Part III was the most interesting for me and the part I took the most away from. It looks at how America got to this point (and I would say Australia has some similar issues too) highlighting the following as key factors:

  • The Polarization Cycle – Every two years, the American National Election Study measures American’s attitudes on a variety of topics, including ratings of groups and institutions. American’s feelings to their own political party have barley changed since the 1970s, but Americans have become increasingly cold or hostile toward the other party since the 1990s.
  • Anxiety and Depression – This was the most disturbing factor for me. For what they are calling the iGen (1995 – 2012) there has been increased rates of anxiety and depression. The increases for girls and young women are much larger than their male counter parts. The increase isn’t just about changes in definitions or reporting, but they are showing up in terms of rising hospital admission rates of self-harm and in rising suicide rates. The suicide rate of adolescent girls has doubled since 2007 (still below that of boys).
  • Paranoid Parenting – kids have far more restricted childhoods in general compared to their parents. As a consequence they have missed out on many challenges, negative experiences and minor risks that help them develop into strong, competent and independent adults.
  • The Decline of Play – children have much less free play, are more scheduled and have more screen time. Kids deprived of free play are likely to be less competent – physically and socially as adults.
  • The Bureaucracy of Safetyism – the number of campus administrators has grown more rapidly than the number of professors, and professors have gradually come to play a smaller role in the administration of universities. The result has been a trend toward “corporatization” of universities.
  • The Quest for Justice – it is not that the authors think the quest for justice is a bad thing, but they make a distinction between the two main types of justice distributive justice and procedural justice and how issues can arise when the focus does not take into account both.

Part IV

Part IV looks at how we can help create wiser kids, wiser universities and wiser societies. It is a shorter part of the book and from the authors’ thoughts on what causes the problem, you already have a good feel of what will help to improve the current situation.
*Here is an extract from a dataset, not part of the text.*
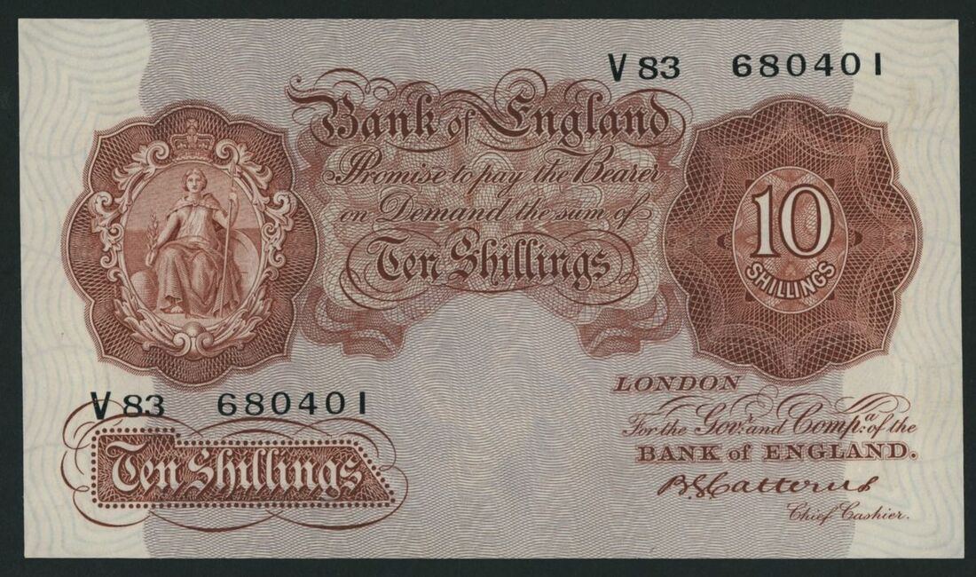 Bank of England, Catterns signature, [FIRST SERIES] 10 Shillings, ND (1930), serial number V83 680401, (EPM B223), about uncirculated

I would highly recommend reading The Coddling of the American Mind, it made me think deeply about issues that I haven’t considered for some time or at all. There were some questions I had on some of the conclusions they have drawn from on campus issues. Not living in America, it is hard to understand the exact extent of the issues they discuss through out the book, but I did wonder if these issues were occurring on all campuses or is it limited to a minority that are more well known?

The three quotes highlighted in the beginning of the book and that I copied above will stay with me, as will the three great untruths. I want to educate my kids on the three untruths Haidt and Lukianoff see as currently being pervasive, because I believe:

  • they are not fragile
  • they need to be critical thinkers
  • they need to not always assume malintent in actions of those they disagree with

Have you read The Coddling of the American Mind : How Good Intentions and Bad Ideas Are Setting Up a Generation for Failure? If so, what did you think? I would love to hear!